§ RECORDS FOR PROCESSING:
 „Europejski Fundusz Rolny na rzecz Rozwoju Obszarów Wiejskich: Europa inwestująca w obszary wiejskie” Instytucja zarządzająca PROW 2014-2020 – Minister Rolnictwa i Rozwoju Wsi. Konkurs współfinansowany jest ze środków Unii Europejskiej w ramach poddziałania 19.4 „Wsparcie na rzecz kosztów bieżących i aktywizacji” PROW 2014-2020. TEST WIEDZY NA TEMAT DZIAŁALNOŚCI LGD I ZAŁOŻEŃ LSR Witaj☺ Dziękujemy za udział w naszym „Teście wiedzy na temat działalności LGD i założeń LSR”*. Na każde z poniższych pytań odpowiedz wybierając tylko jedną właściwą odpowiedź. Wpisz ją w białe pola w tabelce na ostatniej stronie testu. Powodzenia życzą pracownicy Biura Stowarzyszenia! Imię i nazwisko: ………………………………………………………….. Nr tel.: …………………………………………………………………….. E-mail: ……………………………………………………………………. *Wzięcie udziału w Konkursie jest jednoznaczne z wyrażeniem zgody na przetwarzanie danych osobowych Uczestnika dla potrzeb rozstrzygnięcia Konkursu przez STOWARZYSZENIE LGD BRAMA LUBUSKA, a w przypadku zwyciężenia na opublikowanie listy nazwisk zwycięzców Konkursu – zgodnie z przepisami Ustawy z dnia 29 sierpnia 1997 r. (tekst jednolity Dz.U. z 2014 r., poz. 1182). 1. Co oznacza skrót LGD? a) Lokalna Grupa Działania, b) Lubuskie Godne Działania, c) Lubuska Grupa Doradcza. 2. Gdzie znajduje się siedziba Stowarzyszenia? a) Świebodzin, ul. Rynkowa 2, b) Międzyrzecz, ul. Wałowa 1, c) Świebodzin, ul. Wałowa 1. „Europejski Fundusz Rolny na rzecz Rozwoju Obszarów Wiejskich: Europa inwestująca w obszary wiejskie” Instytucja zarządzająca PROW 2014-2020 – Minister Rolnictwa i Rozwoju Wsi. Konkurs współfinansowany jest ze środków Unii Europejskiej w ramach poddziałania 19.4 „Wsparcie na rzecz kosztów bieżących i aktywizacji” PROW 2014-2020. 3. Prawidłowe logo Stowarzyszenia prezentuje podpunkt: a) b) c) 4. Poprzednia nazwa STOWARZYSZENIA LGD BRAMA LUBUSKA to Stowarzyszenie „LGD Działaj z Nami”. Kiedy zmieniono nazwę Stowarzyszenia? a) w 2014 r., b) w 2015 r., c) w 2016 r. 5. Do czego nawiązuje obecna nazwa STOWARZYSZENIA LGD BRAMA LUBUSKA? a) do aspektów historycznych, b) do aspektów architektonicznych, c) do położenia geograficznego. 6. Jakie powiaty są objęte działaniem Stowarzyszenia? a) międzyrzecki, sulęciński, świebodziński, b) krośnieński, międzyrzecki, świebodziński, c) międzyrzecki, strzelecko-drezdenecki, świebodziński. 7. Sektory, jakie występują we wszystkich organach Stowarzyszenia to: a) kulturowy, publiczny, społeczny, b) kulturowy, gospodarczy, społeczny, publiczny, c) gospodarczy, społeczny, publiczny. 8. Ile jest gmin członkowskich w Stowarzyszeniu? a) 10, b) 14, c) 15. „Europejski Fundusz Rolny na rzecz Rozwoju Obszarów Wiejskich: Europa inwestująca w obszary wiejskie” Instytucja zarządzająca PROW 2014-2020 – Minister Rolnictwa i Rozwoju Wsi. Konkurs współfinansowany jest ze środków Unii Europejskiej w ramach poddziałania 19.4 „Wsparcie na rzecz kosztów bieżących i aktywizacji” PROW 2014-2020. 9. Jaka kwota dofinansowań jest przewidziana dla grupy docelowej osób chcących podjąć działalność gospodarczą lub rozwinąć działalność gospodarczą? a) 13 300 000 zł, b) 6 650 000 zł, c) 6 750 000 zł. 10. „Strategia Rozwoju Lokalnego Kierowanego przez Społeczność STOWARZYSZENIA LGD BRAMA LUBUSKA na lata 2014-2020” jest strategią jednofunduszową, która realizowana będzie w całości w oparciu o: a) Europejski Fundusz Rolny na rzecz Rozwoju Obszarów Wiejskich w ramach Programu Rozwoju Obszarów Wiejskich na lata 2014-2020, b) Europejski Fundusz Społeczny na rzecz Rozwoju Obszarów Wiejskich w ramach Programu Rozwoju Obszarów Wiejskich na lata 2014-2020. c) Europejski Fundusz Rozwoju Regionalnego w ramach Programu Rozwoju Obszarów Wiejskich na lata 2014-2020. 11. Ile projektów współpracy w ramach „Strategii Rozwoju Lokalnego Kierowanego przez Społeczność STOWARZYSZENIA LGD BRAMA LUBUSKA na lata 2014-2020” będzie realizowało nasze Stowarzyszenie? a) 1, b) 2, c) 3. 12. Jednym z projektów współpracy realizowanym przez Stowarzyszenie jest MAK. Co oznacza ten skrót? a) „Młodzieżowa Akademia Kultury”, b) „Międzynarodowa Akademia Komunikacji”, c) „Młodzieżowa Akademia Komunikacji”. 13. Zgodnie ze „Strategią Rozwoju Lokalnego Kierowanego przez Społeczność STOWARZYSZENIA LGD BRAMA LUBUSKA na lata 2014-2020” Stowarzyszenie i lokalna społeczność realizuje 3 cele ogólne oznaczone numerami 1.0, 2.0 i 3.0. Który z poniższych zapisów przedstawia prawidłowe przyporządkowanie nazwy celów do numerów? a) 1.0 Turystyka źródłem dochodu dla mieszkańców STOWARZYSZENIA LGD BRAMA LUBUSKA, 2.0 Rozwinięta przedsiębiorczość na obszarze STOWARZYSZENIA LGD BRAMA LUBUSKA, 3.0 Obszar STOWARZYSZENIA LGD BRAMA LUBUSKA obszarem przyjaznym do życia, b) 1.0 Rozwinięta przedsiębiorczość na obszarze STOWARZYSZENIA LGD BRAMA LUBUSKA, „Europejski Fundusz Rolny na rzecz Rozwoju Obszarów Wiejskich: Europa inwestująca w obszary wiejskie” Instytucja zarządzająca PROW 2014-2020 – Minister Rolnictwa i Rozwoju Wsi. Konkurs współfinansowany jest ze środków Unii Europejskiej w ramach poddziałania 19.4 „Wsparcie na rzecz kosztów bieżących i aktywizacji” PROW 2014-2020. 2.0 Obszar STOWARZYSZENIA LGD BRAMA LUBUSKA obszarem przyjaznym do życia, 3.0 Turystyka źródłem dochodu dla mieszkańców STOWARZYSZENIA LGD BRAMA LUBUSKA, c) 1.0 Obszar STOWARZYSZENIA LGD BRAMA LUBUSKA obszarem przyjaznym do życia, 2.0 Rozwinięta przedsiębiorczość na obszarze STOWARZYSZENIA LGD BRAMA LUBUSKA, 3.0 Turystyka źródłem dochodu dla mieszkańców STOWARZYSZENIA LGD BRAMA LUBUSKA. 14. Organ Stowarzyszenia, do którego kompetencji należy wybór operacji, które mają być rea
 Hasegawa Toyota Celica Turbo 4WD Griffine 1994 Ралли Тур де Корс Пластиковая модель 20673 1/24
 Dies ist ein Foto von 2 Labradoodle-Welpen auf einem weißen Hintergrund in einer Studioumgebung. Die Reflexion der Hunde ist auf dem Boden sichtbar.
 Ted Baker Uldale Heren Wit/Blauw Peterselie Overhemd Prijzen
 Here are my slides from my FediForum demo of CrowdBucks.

§ TASK OBJECTIVE: Take the line holding "Hasegawa Toyota Celica" and all lines after it through the end of the data, and set them down exactly.

§ RESPONSE BOX:
 Hasegawa Toyota Celica Turbo 4WD Griffine 1994 Ралли Тур де Корс Пластиковая модель 20673 1/24
 Dies ist ein Foto von 2 Labradoodle-Welpen auf einem weißen Hintergrund in einer Studioumgebung. Die Reflexion der Hunde ist auf dem Boden sichtbar.
 Ted Baker Uldale Heren Wit/Blauw Peterselie Overhemd Prijzen
 Here are my slides from my FediForum demo of CrowdBucks.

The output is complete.